Later this year I will ask you and other citizens to renew my contract to work for you, and serve a final term. If you do so, and with my wife Andrea's continuing help, this Address shall serve as a mid-point in my public service as Mayor.

I want to thank all members of this great Houston team, beginning with a great Controller and City Council, with diverse views, who work hard to get things done. Our colleagues at Harris County work as our indispensable partners, not rivals. And I'm particularly thankful for over 21,000 City employees, who make a real difference. The tragic death of a Public Works employee, Jerry Hines, last week should remind us all of everyday heroes. He was hit by a motorist while doing his job, making our streets safer.

I've shared with you some accomplishments and work in progress, but I personally also want to stop and think about the spirit, the heart of Houston, which makes this a special place in a troubled world.

On a clear, cool day of my first inauguration three years ago, I challenged Houstonians to participate more in non-profit organizations, and to make an extra effort to reach out to folks from backgrounds that differed from their own. Building a community out of so many diverse newcomers takes real work. And many Houstonians took me up on this challenge.
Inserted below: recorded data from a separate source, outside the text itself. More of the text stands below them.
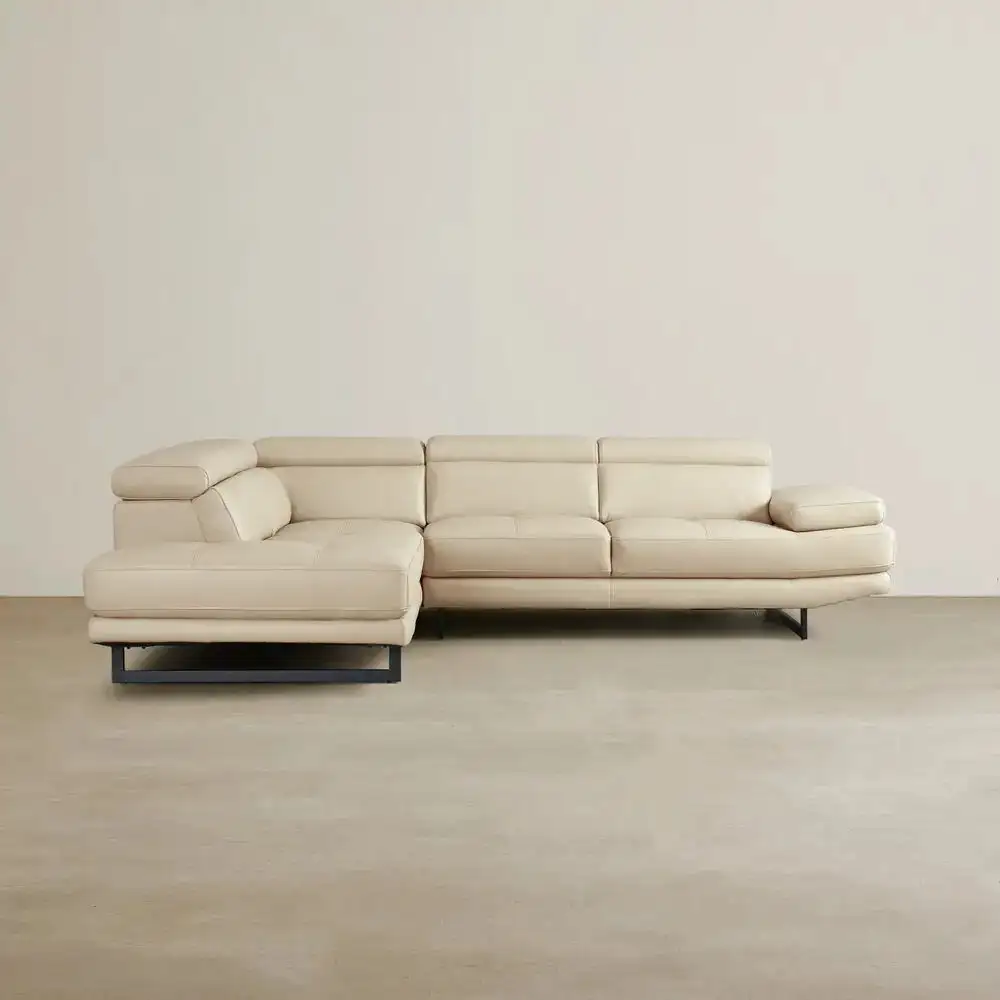 The Aster Chaise Lounge blends modern elegance with luxury, offering flexibility. Wrapped in luxurious Almond Cream Leather, its modular design allows for effortless adjustments and versatile configurations.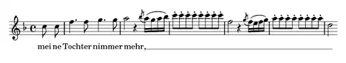 - Cicho, cicho! Hofer dochodzi do górnego F; – teraz moja szwagierka śpiewa swoją drugą arię, 'Der Hölle Rache'; z jaką mocą ona śpiewa i ma B 'Hört! hört! hört! der Mutter Schwur!'.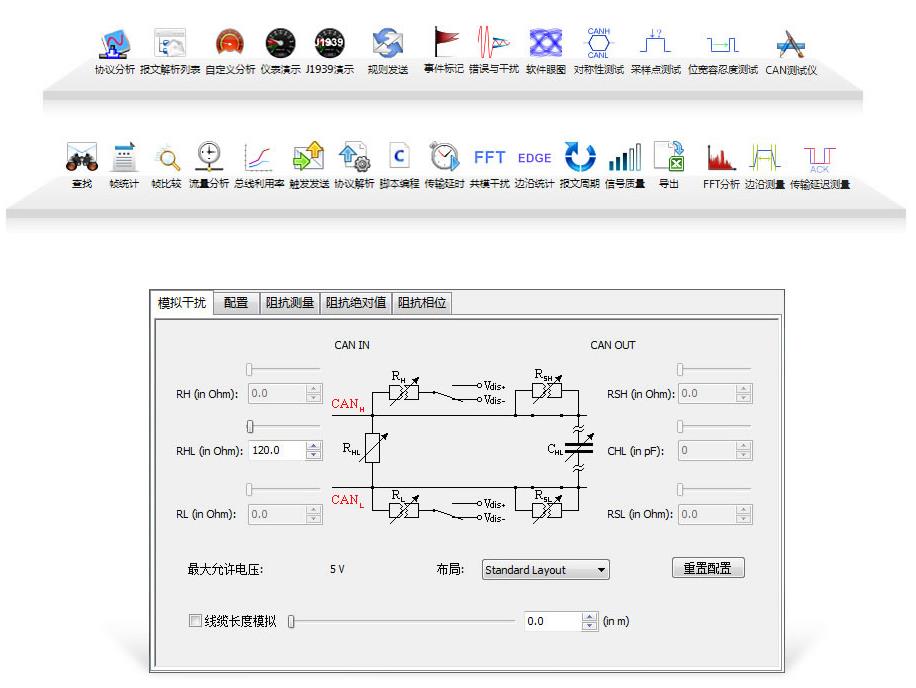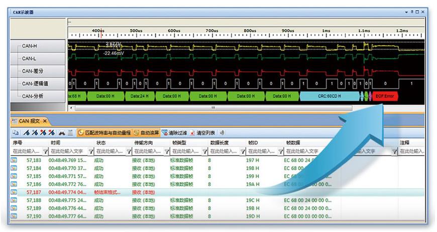 快速定位總線干擾頻率 實用的報文重播功能,精確重現總線錯誤 支持硬件眼圖;
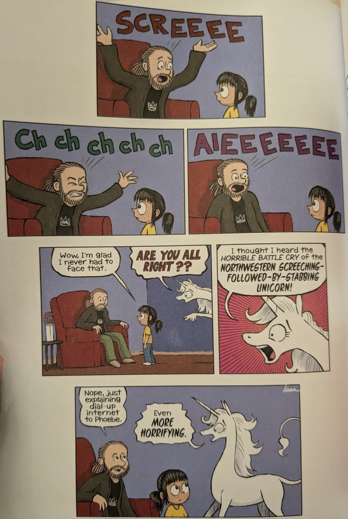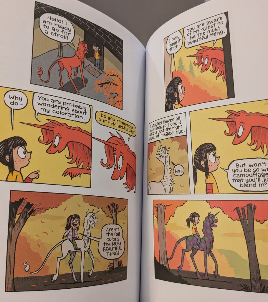 The egotistical unicorn is over-the-top, but it is admittedly clever and sometimes makes me chuckle. Here is an example, where the unicorn doesn’t want to fit in so ends up making itself wacky colors:

We need to renew this commitment.

We needn't wait for the next hurricane to contribute our time, our talents, and treasures. Consider the new push by the Greater Houston Partnership, with the able leadership of John Hofmeister, Joel Smith, and Jeff Moseley to improve utilization of minority-owned professional and services firms. Please ask them how you can help. Or consider joining hundreds of citizens who are building bridges between neighbors of varying faith traditions to move our city on higher ground. On January 30, Rice University's Center for Religious Tolerance and Interfaith Ministries have organized over 25 dinners in private homes, with over 200 volunteer participants from diverse religious traditions. Trained facilitators will lead them in discussing openly, with strangers, those values they hold most dear. We hope this will be one of several similar, even larger evenings with that format. To participate, and encourage your friends, neighbors, and employees to do so, go to www.amazingfaithshouston.org.

The State of Houston, America's growing city of opportunity, is good. More importantly, with your help, it will get much better.